Sekarang, setiap lebaran atau liburan anak-anakku berebut pulang. Mandi ke sungai ya Bunda kata mereka. Betapa happy mereka dibawa ke sana. Berbekal nasi bungkus dan beragam gorengan jadi selingan mereka ketika mandi. Puas berenang minta makan. Puas makan berenang lagi. Dulu wisata lokal sungai ini bisa kami lakukan di belakang rumah saja. Sekarang tidak. Harus berkilo-kilo ke arah hulu baru bisa kita nikmati.
Mengapa? Sungai di sekitaran rumah warga sudah dipasangi paralon pipa untuk menyalurkan limbah manusia dan limbah rumah tangga. Air sungai itu tidak lagi jernih tapi sekarang berminyak dan bau amis. Bahkan, aliran anak-anak sungai sudah ada yang berbau karena limbah rumah makan dan restoran.
Sayang sekali sungai-sungai itu. Kapan pemerintah akan memelihara sungai-sungai itu. Kapan undang-undang dilarang membuang limbah ke sungai menyapa desa-desa atau nagari-nagari. Bukankah sungai kebutuhan pokok kita. Inilah impian kecilku berharap akan ada kebijakan larangan BAB di sungai. Larangan mengalirkan limbah BAB ke sungai. Larangan membuang limbah rumah tangga ke sungai.

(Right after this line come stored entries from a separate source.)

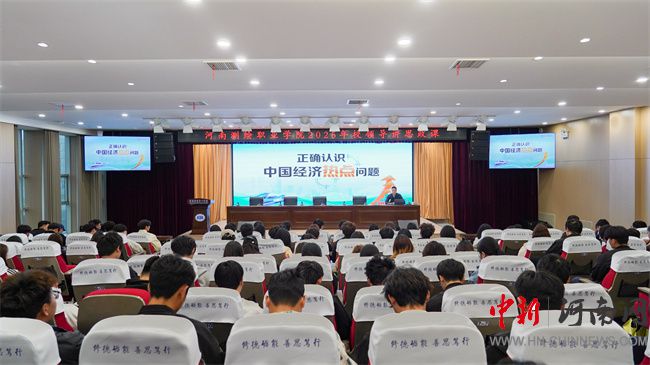 中新河南網(wǎng)9月26日電(文/劉春應(yīng) 圖/茹奕瑞) 為全面落實立德樹人根本任務(wù),充分發(fā)揮學(xué)校領(lǐng)導(dǎo)干部在思想政治教育主渠道中的引領(lǐng)示范作用,9月23日下午,河南測繪職業(yè)學(xué)院紀委書記郭書克在多功能報告廳以《正確認識中國經(jīng)濟熱點問題》為題,為經(jīng)濟管理學(xué)院、體育學(xué)院師生講授專題思政課。
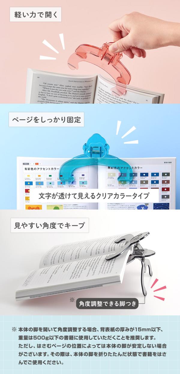 ただし、はさむページの位置によっては本体の脚が安定しない場合がございます。その際は、本体の脚を折りたたんだ状態で書籍をはさんでご使用ください。
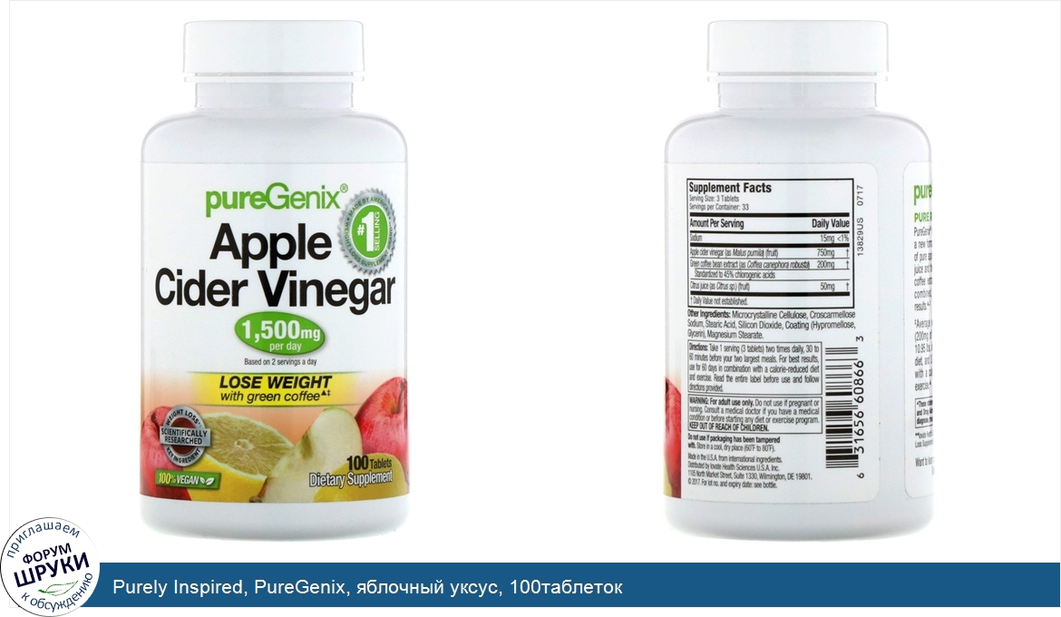 Друзья, если у вас есть отзыв/дополнение/комментарий/вопрос относительно Purely Inspired, PureGenix, яблочный уксус, 100таблеток - напишите его ответом в эту тему (это будет полезно всему сообществу в целом и вам в отдельности).
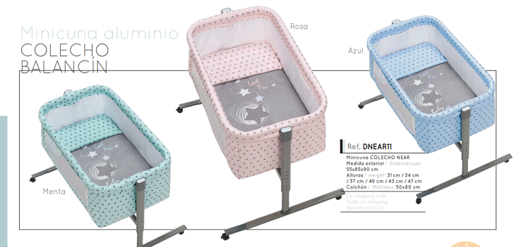 Primeramente la Minicuna colecho con vestidura textil . Exhibe un estilo encantador con estrellas por su alrededor disponible en color gris, rosa o azul. Sin embargo muy chula y con 3 funciones: minicuna normal, colecho o balancín.
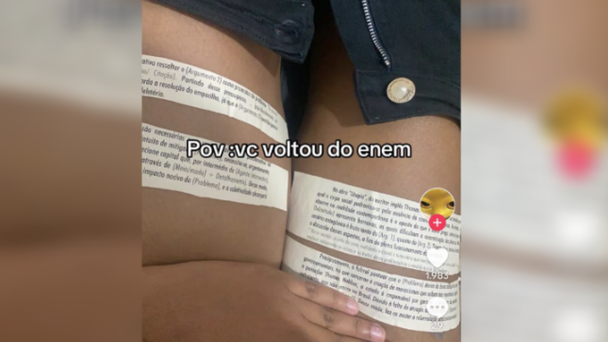 Diversos candidatos do Exame Nacional do Ensino Médio (Enem) 2024 utilizaram as redes sociais para relatar o uso de “colas” na prova de redação, realizada no último domingo (4). Em publicações no aplicativo TikTok, jovens mostraram fotos com modelos prontos de redação que imprimiram e esconderam para reproduzir no teste.
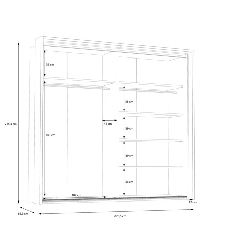 Indiferent de dimensiunea camerei tale, dulapul nostru cu oglindă se adaptează cu ușurință, maximizând utilizarea spațiului disponibil. Compartimentarea interioară inteligentă îți permit să organizezi hainele, accesoriile și alte obiecte personale într-un mod ordonat și accesibil.
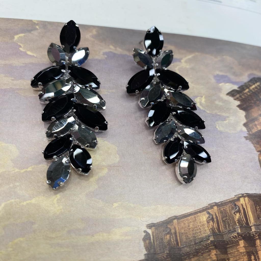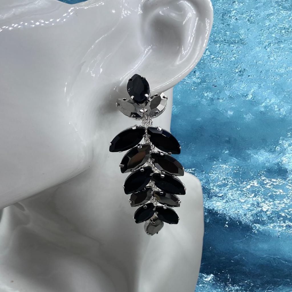 Σκουλαρίκια κρεμαστά, με μαύρα-γκρι φυλλαράκια

Jika ini kita perbuat, sungai-sungai di sekitar kita akan tetap menjadi destinasi wisata. Sungai-sungai itu akan menjadi impian anak cucu kita kelak. Mereka pun butuh berenang merasakan nikmat sensasi sungai nan eksotik. Oh ya. Tips mandi di sungai harus lihat kearah hulu atau gunung ya.Â
Jika gelap berawan berarti akan ada debit air besar. Kalau kami dulu menyebut kepala naga. Situasi ini gawat karena kita bisa hanyut tanpa jejak. Hati-hati ya. Ayo dong pemerintah selaku Bapak Ibu warga kita wujudkan sungai-sungai impian buat anak bangsa.